We could create some weird amalgamation where we only keep the commits without the binaries, but that might not be worth the effort. Starting fresh is probably the right call.
Reporter | ||
Comment 6•7 days ago
|
||
Glandium says he will do the conversion that will keep the history, but drop all the archives/binaries.
Comment 7•7 days ago
|
||
With the following commands:
git clone hg::https://hg.mozilla.org/mozilla-build
git cinnabar clear
git filter-repo --force --invert-paths --path-glob "*.nsi" --path-glob "*.exe" --path-glob "*.7z" --path-glob "*.tar.lzma" --path-glob "*.tar.bz2" --path-glob "*.tar.gz" --path-glob "*.tar.xz" --path-glob "*.tgz" --path-glob "*.msi" --path-glob "*.zip" --path-glob "*.egg"
git gc --aggressive
I get a 684K repo.
(git filter-repo from https://github.com/newren/git-filter-repo)
Reporter | ||
Comment 8•7 days ago
|
||
So I reworked D247519 to get around bug 1965558 and it's essentially the first draft of what's proposed here. Download all the dependencies instead of committing them to the repo. Glandium is keen on using fetch-content (what we use in CI to fetch dependencies, verifies sha256/file size, etc) which is essentially just a more robust implementation of what I have.

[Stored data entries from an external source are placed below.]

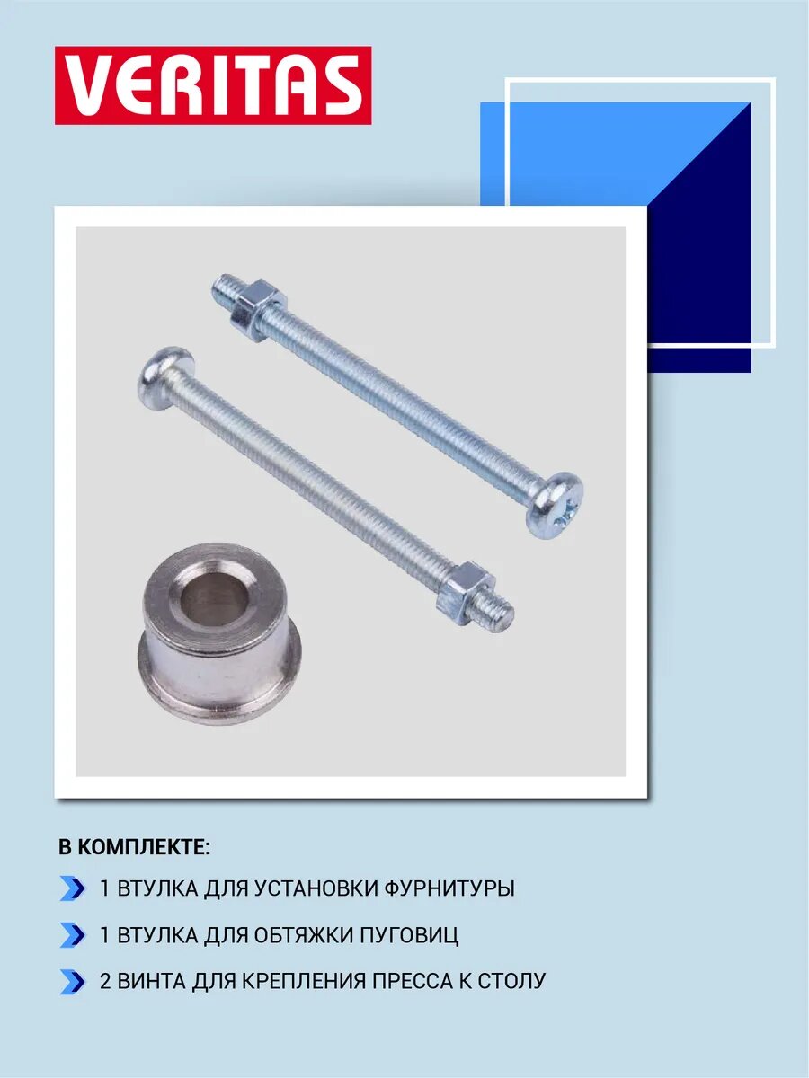 Что входит в Комплектацию: 1 Втулка для установки фурнитуры 1 Втулка для оттяжки пуговицы 2 Винта для крепления пресса к столу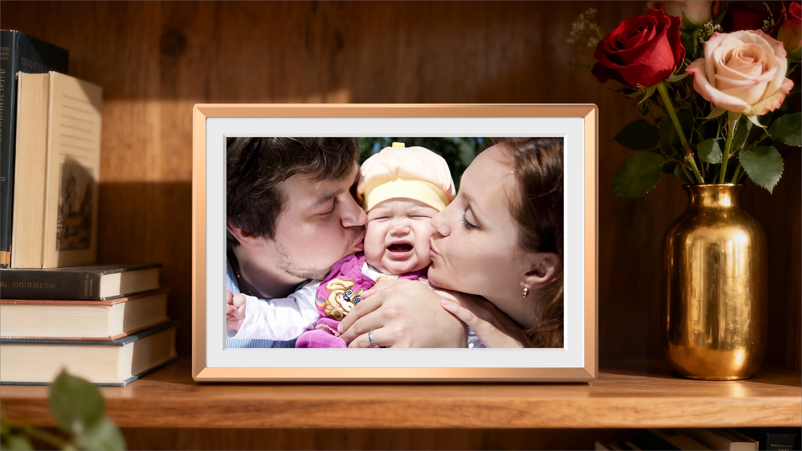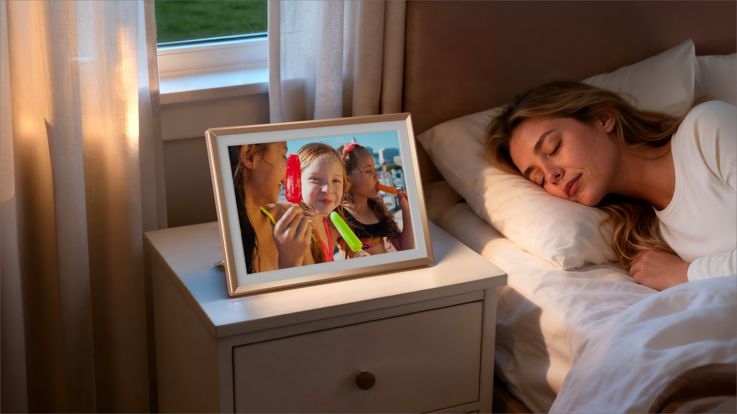 アプリを通じて写真に「いいね!」したり、コメントを残したりできるので、家族が小さなリアクションを共有し、遠くからでもつながりを保つことができます。フレームのタイムライン ビューではアップロードを時系列に整理し、カスタム フォルダーを使用してアルバムを旅行、イベント、家族ごとに分けることができます。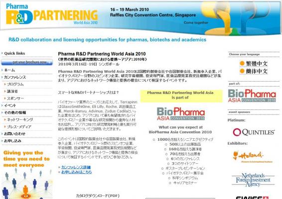 Pharma R&D Partnering World Asia 2010は国際的製薬会社や各国製薬会社、新規参入企業、バイオテクノロジー分野のスピンオフ企業、研究学術機関、投資専門家、医薬品開発業務受託機関などが集まり、アジアにおけるネットワーク構築と提携の機会について検証するイベントです。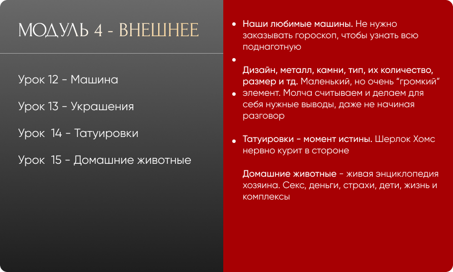 Мы изучим на ярких примерах (фото других людей) как это работает. Можно принести фотографии знакомых, о которых хочется узнать больше информации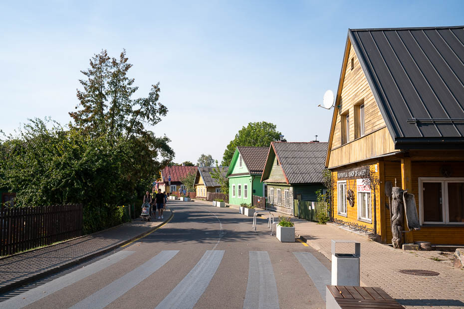 Pēc pils apmeklējuma spriežam, ka pusdienosim ārpus Traķiem, cerībā, ka citur būs nedaudz mazāk cilvēku. Google Maps skatos kur kādi restorāni ir nedaudz ārpus pilsētas un uzdodos “Akmenine Rezidencija”, pāris minūšu brauciena attālumā. Vieta kartē ir apzīmēta, bet kur jāiet, nav skaidrs. Skatāmies satelīta karti, vajadzētu būt tuvāk ezeram, labi, paiesimies brītiņu un cerēsim, ka te nav brīvā vaļā skrienošu suņu. Pēc pārdesmit metriem ieraugām informatīvu zīmi un pēc brīža sasniedzam ārkārtīgi mīlīgu restorānu ezera krastā. Mājīgi noformēta terase, lapenītes, ābeļdārzs. Kad pienāk viesmīlis, pēc izskata, restorāna saimnieka dēls, sagaidām, ka atnesīs ēdienkartes, bet nē – izrādās, viņi strādā pēdējo dienu vasaras sezonā un var dabūt tikai pāris ēdienus, kurus mums arī noskaita. Izvēlamies šašliku. Līdz ar šašlika atnešanu pie mums parādās mīlīgs dīcītis – kaķēns, kas pamīšus pienāk pie viena un otra galda gala, cerot iežēlināt uz kādu kumosiņu. Izskatās labi aprūpēts, kārtīgi apvēlies un nolemjam neiejaukties viņa saimnieka nospraustajos ēšanas paradumos.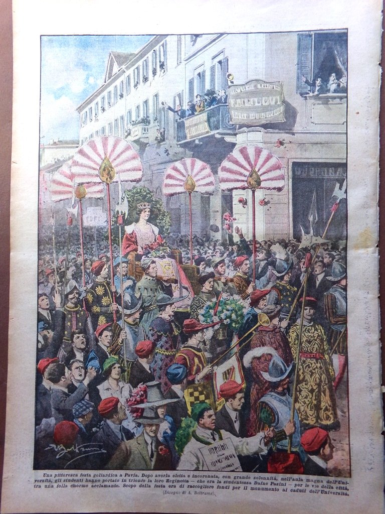 Una pittoresca festa goliardica a Pavia. Dopo averla eletta e incoronata, con grande solennità, nell'aula magna dell'Università, gli studenti hanno portato in trionfo la loro Reginetta, la studentessa Dafne Pasini, per le vie della città. Scopo della festa era di raccogliere fondi per il monumenti ai caduti dell'Università (Achille Beltrame)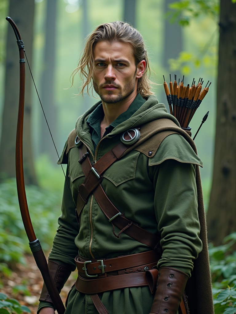 cosplayer model in a fantasy forest setting, wearing a ranger outfit with a bow and quiver, surrounded by magical effects and greenery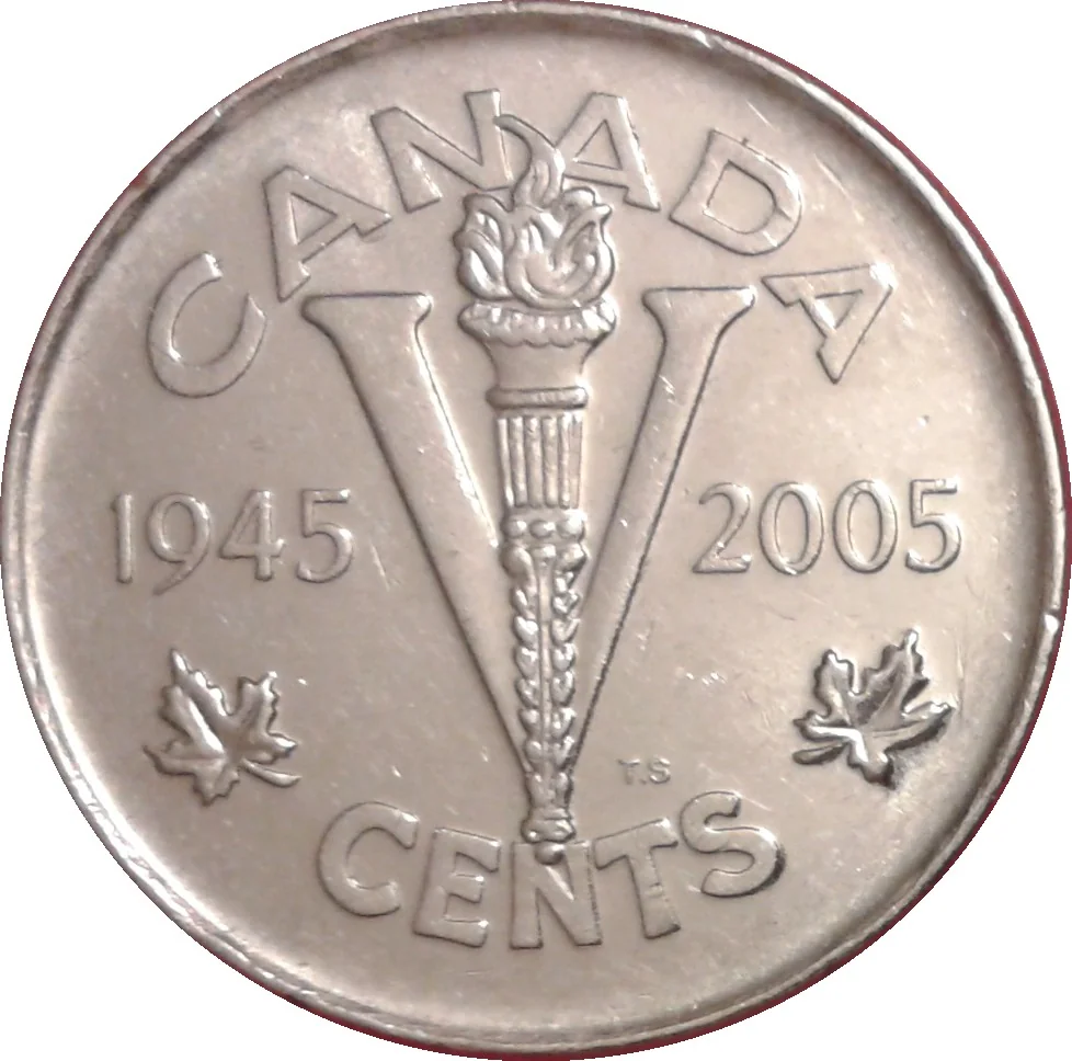 1945 coin reproduction: central "V" for victory/value above "CENTS," flanked by maple leaves and a torch, with "CANADA" above and dates "1945" and "2005."

Which got me thinking, what's stopping us from just making this all ./mach
command in the firefox
repo? If we follow this through to the end, that's essentially all it is. A single command that makes an installer. It's not really necessary for a lot of people to have easy access to doing so via a ./mach
command, but I could make that argument for a lot of commands.
I wouldn't need to duplicate that fetch-content
script. It'd be trivial to use .mozbuild
to store the downloaded dependencies (otherwise we'd be guessing where it was, or duplicating a bunch of code again to know for sure).
We'd probably lose the history of packageit.py
(unless there's some way to graft it onto whatever mach_commands.py
file we end up using?). I posed the short version of this thought on Slack to Glandium, and decided to post the long version here before he replied.